Of the master's unequalled power upon natural things, upon the elements we call inanimate, knowing even less the laws of their life than of ours, there is happily no need, as surely there are no words, to speak. Part of this power subtle and deep

we may recognise as due to the admixture of moral emotion and of human sentiment with the mysterious action and passion of nature. Thus in

"Les Travailleurs de la Mer" the wind and the sea gain strength and depth from the human figure set to fight them; from the depth and strength of the incarnate spirit so doing and suffering. Thus in this book there is a new sense and a new sublimity added to the tempest by the remorse of men sinking at once under sin and storm, drowned under a double weight of deeds and waves.

Not even in that other book is the supreme mastery of nature, the lordship of the forces of things, more admirable and wonderful than throughout the first part of this. He who could think to describe might think to rival it. But of one point I cannot but take note; there is nothing, even at the height of tragic horror, repellent, ugly, hateful. It has been said there is, and will be said again; for how should there not be distorted eyes and envious tongues in the world? Indeed a pieuvre is no pleasant playfellow, the "tree of man's making" bears a fearful fruit, the monstrous maidenhood of Josiane is no sister to the starry virginity of Dea; but how has the great poet handled these things? The mutilation of a child's face is a thing unbearable for thought to rest on; but have we not seen first the face of a heroic soul? Far elsewhere than in the work of our sovereign poet must we look for the horror which art will have none of, which nature flings back with loathing in the bringer's face. If not, we of this time who love and serve his art should indeed be in a bad case. But upon this matter we cannot permit the blind and nameless leaders of the nameless blind to decide for us. Let the serious and candid student look again for himself and see. That "fight of the dead with the dark," that swinging of carrion birds

with the swing of the gibbeted carrion, might have been so done into words as to beget in us mere loathing; but how is it done here? The mighty manner of Victor Hugo has given to this ghastly matter something even of a horrible charm, a shocking splendour of effect. The rhythmic horror of the thing penetrates us not with loathing, but with a tragic awe and terror as at a real piece of the wind's work, an actual caprice of the night's, a portion of the tempest of things. So it is always; handle what he may, the touch of a great poet will leave upon it a spell to consume and transmute whatever a weaker touch would leave in it of repulsive.
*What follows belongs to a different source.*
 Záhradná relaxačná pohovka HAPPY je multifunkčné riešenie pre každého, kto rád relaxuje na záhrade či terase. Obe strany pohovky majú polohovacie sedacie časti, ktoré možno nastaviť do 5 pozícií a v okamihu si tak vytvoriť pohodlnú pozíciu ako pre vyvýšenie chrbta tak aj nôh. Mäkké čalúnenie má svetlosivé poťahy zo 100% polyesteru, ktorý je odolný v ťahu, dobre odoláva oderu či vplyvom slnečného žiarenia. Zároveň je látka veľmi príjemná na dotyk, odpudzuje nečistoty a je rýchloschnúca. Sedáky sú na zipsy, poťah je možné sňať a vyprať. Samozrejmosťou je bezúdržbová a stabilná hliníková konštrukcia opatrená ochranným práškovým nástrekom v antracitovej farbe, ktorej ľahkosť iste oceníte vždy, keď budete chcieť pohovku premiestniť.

Whether or not we are now speaking of a great poet, of a name imperishable, is not a question which can be gravely deliberated. I have only to record my own poor conviction, based on some study and comparison of the men, that precisely as we now think of those judges who put Fletcher above Shakespeare, Cowley above Milton, the paid poets of Richelieu beside Corneille, and I know not whom beside Molière, will the future think of those judges who would place any poet of his age by the side of Victor Hugo. Nor has his age proved poor-it has rather been singularly rich-in men and in poets really and greatly admirable. But even had another done as well once and again as the master himself, who has done so well as much? Had he done but half, had he done but a tenth of his actual work, his supremacy, being less incontestable, would no doubt have been less contested. A parsimonious poet calculates well for his own time. Had Victor Hugo granted us but one great play-say "Marion de Lorme," but one great lyric work-say

"Les Contemplations," but one great tragic story-say any one you please, the temptation to decry or denounce him by comparison would have been less; for with the tribe of Barkilphedro the strength of this temptation grows with the growth of the benefit conferred. And very potent is that tribe in the world of men and of letters.
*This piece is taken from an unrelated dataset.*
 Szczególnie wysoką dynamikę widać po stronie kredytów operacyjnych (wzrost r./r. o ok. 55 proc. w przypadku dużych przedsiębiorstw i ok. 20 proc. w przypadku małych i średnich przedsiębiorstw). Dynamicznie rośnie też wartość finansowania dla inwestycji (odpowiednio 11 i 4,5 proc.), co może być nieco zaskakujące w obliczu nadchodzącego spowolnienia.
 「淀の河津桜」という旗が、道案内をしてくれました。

As for me, I am not careful to praise or dispraise by comparison at all. I am not curious to enquire what of apparent or of actual truth there may be in any charge brought against the doer of the greatest things done, the giver of the greatest gifts given among men in our times. Goethe found his way of work mechanical and theatrical; Milton also lived to make oblique recantation of his early praise of Shakespeare; we may, and should, wish this otherwise yet none the less are they all great men. It may be there is perceptible in Victor Hugo something too much of positive intention, of prepense application, of composition and forethought: what if there were ? One question stands forth first and last; is the work done good work and great, or not? A lesser question is this; these that we find to be faults, are they qualities separable from the man's nature? could we have his work without them? If not, and if his work be great, what will it profit us to blame them or to regret? First, at all events, let us have the sense to enjoy it and the grace to give thanks. What for example if there be in this book we have spoken of errors of language, errors historical or social? Has it not throughout a mighty hold upon men and things, the godlike strength of grasp which only a great man can have of them? And for quiet power of hand, for scornful sureness of satiric truth, what can exceed his study of the

queen of England (Anne)? Has it not been steeped in the tears and the fire of live emotion? If the style be overcharged and overshining with bright sharp strokes and points, these are no fireworks of any mechanic's fashion : these are the phosphoric flashes of the sea-fire moving on the depth of the limitless and living sea. Enough, that the book is great and heroic, tender and strong; full from end to end of divine and passionate love, of holy and ardent pity for men that suffer wrong at the hands of men ; full, not less, of lyric loveliness and lyric force; and I for one am content to be simply glad and grateful: content in that simplicity of spirit to accept it as one more benefit at the hands of the supreme singer now living among us the beautiful and lofty life of one loving the race of men he serves, and of them in all time to be beloved.

1869.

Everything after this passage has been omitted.